:: Raw data

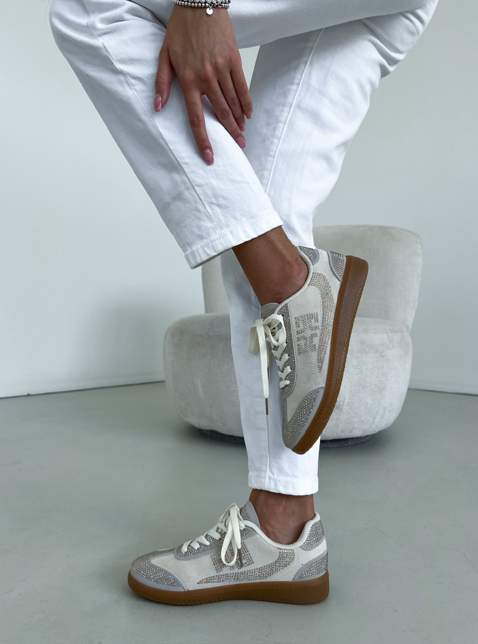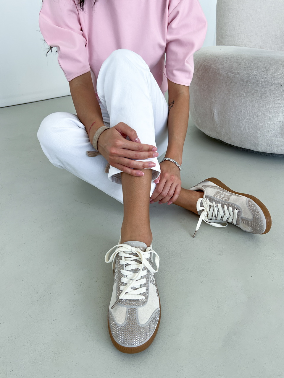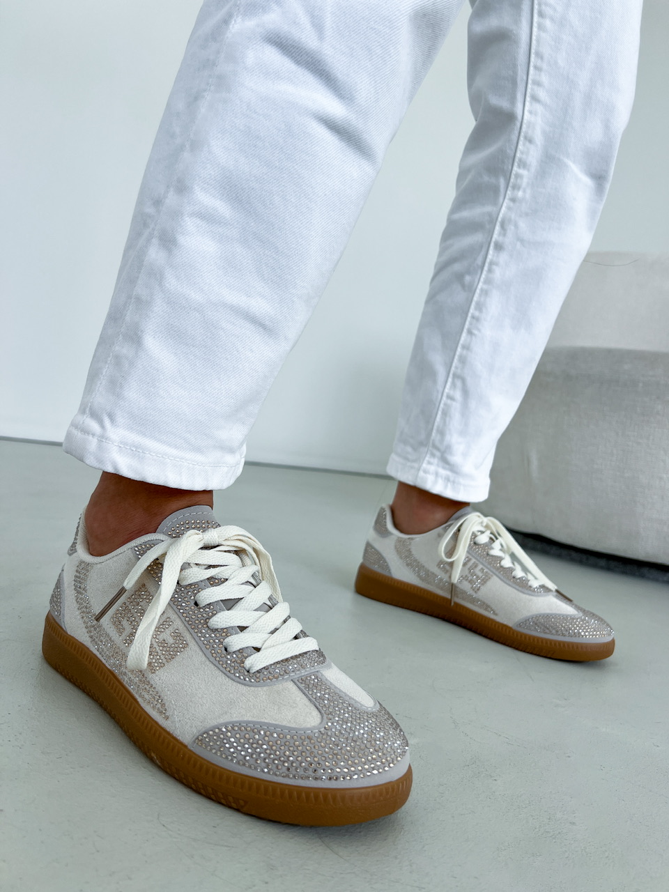 Športová obuv na nízkej hnedej podrážke. Zvršok je semišového materiálu, zdobený štrasovými kamienkami. Predná časť je na šnurovanie.
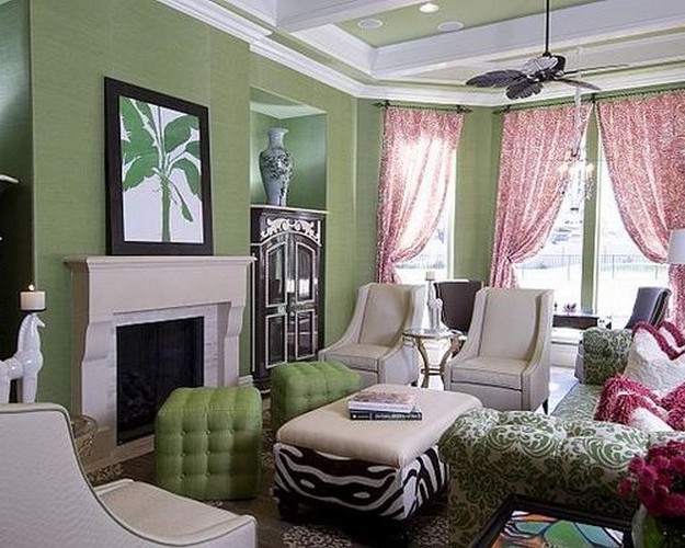 - Мебель зелено-оливкового цвета будет органичной в интерьере гостиной в коричневых тонах, в отделке персиковой, желтой, болотной гаммы.
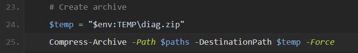 | Collection | T1560.001 | Archive Collected Data: Archive via Utility | Compress-Archive cmdlet creates TEMP\diag.zip from discovered tdata paths before exfiltration. |

::::

*Work required:*
An exact copy of the listing is required; return it without any pictures.

*Answer to this problem:*
 Športová obuv na nízkej hnedej podrážke. Zvršok je semišového materiálu, zdobený štrasovými kamienkami. Predná časť je na šnurovanie.
 - Мебель зелено-оливкового цвета будет органичной в интерьере гостиной в коричневых тонах, в отделке персиковой, желтой, болотной гаммы.
 | Collection | T1560.001 | Archive Collected Data: Archive via Utility | Compress-Archive cmdlet creates TEMP\diag.zip from discovered tdata paths before exfiltration. |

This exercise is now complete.